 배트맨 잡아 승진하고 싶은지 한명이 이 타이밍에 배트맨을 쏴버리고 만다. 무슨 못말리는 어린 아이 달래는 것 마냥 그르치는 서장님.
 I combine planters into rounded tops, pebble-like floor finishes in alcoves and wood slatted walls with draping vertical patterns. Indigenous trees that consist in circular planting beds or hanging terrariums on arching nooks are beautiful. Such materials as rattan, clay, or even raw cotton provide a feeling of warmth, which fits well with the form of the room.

...

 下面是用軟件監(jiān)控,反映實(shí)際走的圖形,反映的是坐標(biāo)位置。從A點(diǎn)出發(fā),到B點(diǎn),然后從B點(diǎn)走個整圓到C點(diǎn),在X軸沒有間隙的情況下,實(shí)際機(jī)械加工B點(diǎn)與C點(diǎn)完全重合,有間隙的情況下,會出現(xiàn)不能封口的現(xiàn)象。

## ASSIGNMENT
Restate word for word the lines of the data above, starting at the line containing "배트맨 잡아 승진하고" and ending at the line containing "I combine planters", both included, and nothing more.

## RESPONSE TO THIS TASK
 배트맨 잡아 승진하고 싶은지 한명이 이 타이밍에 배트맨을 쏴버리고 만다. 무슨 못말리는 어린 아이 달래는 것 마냥 그르치는 서장님.
 I combine planters into rounded tops, pebble-like floor finishes in alcoves and wood slatted walls with draping vertical patterns. Indigenous trees that consist in circular planting beds or hanging terrariums on arching nooks are beautiful. Such materials as rattan, clay, or even raw cotton provide a feeling of warmth, which fits well with the form of the room.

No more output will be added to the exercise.